The sugars required for fermentation to ethanol are locked in a complex package encased by plant cell walls that naturally resist biological and chemical degradation— one of the reasons wood is used as a construction material.

Thus, an understanding of cell wall structure and function—how it is synthesized into complex chains (polymers) of sugars to resist degradation, and also how microbes and fungi naturally deconstruct the polymers into simple sugars—is key to enhancing these crops and their processing and conversion into liquid fuels.

In addition to understanding and optimizing current crops, innovative energy crops—plants specifically designed for industrial processing to biofuels—may be developed concurrently with new biorefinery treatment and conversion processes.

Greater efficiencies must be achieved in processing sugars to ethanol. Improvements include streamlining many of the disparate steps -- such as mixing, separating, cooling, heating, and chemically neutralizing -- so that either a single microbe or a community of microbes could substitute for the current expensive chemical steps.

The scientific agenda
New biological and laboratory tools are needed to provide a detailed understanding of plant cell walls, their roles in plant function, their factors controlling resistance to break down, and their potential optimization for the eventual fermentation of sugars.

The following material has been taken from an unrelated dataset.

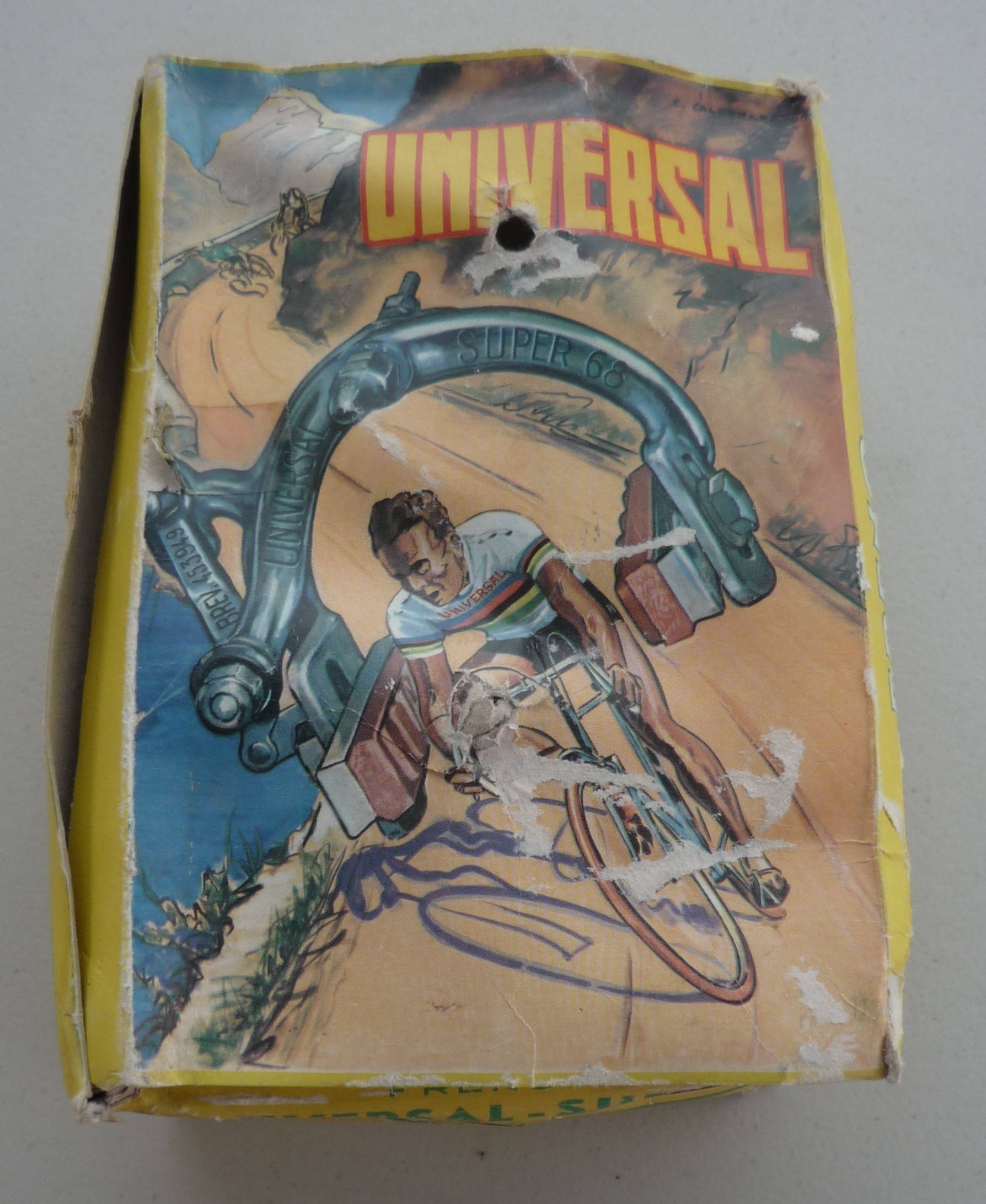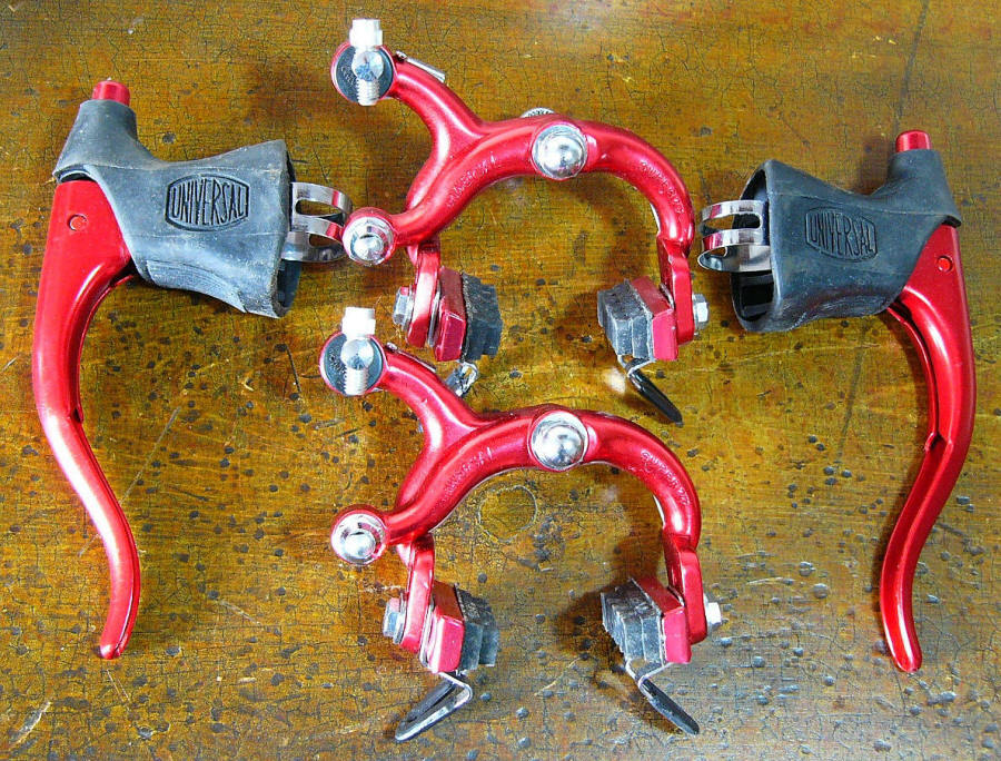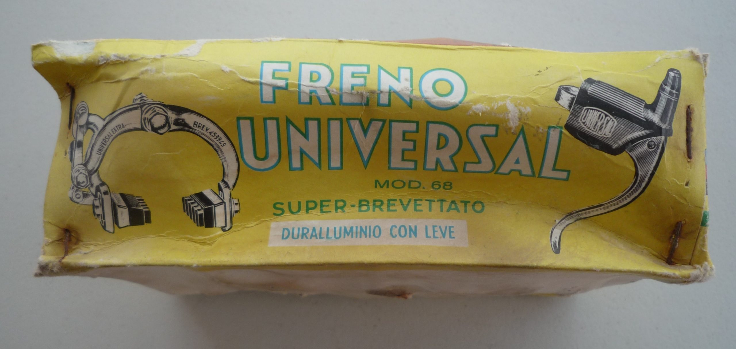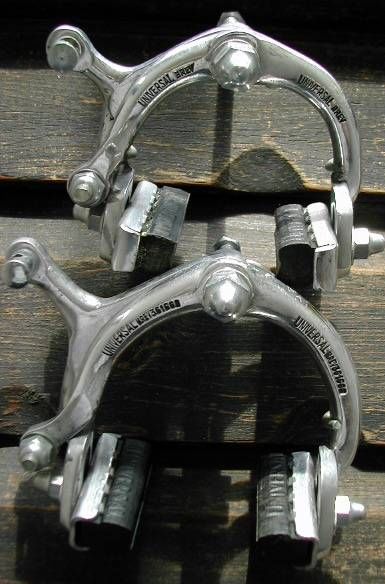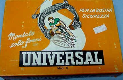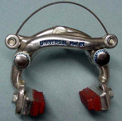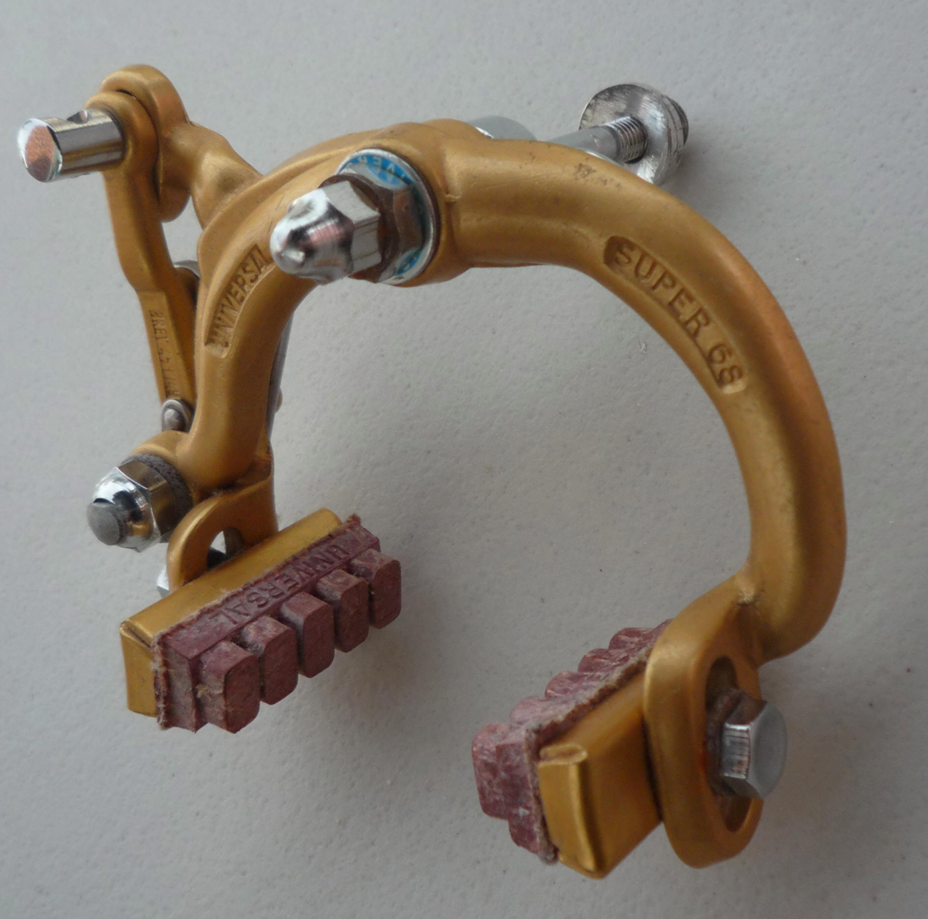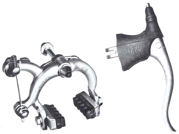 “Universal (Italy) brakes were around pre-WWII. Not sure if they were making aluminum alloy versions pre-war (I have seen late-30s Bianchi with them, but don’t know if the alloy ones were put on the bike by the owner at a later date). There were #51 (alum. side-pull, early-50s), #61 (alum. center-pull, early-60s), #68 (alum. side-pull, mid-late-60s). The #61 was their response to the Mafac Racer center-pull, and the #68 was their answer to the Campagnolo side-pull.

The power of modern genome sequencing and the capabilities at the DOE’s Joint Genome Institute can be applied to these challenges. Using genome sequence (e.g., from switchgrass, poplar trees, etc.) to explore the genetic information encoded within will allow researchers to improve their knowledge about plant feedstocks and microbes used for conversion.

This work will involve identifying: genes involved in the synthesis of cell-wall molecules and higher structures; reactions performed by the multitude of enzymes involved; design principles of cell walls; and factors controlling the amounts, composition, and structure of polymers and polymer matrices. Discovery of new biomass-degrading biochemistries in organisms across many different kingdoms of life -- including plants, fungi, and bacteria --- will also expand our capabilities relevant to biomass conversion to biofuels.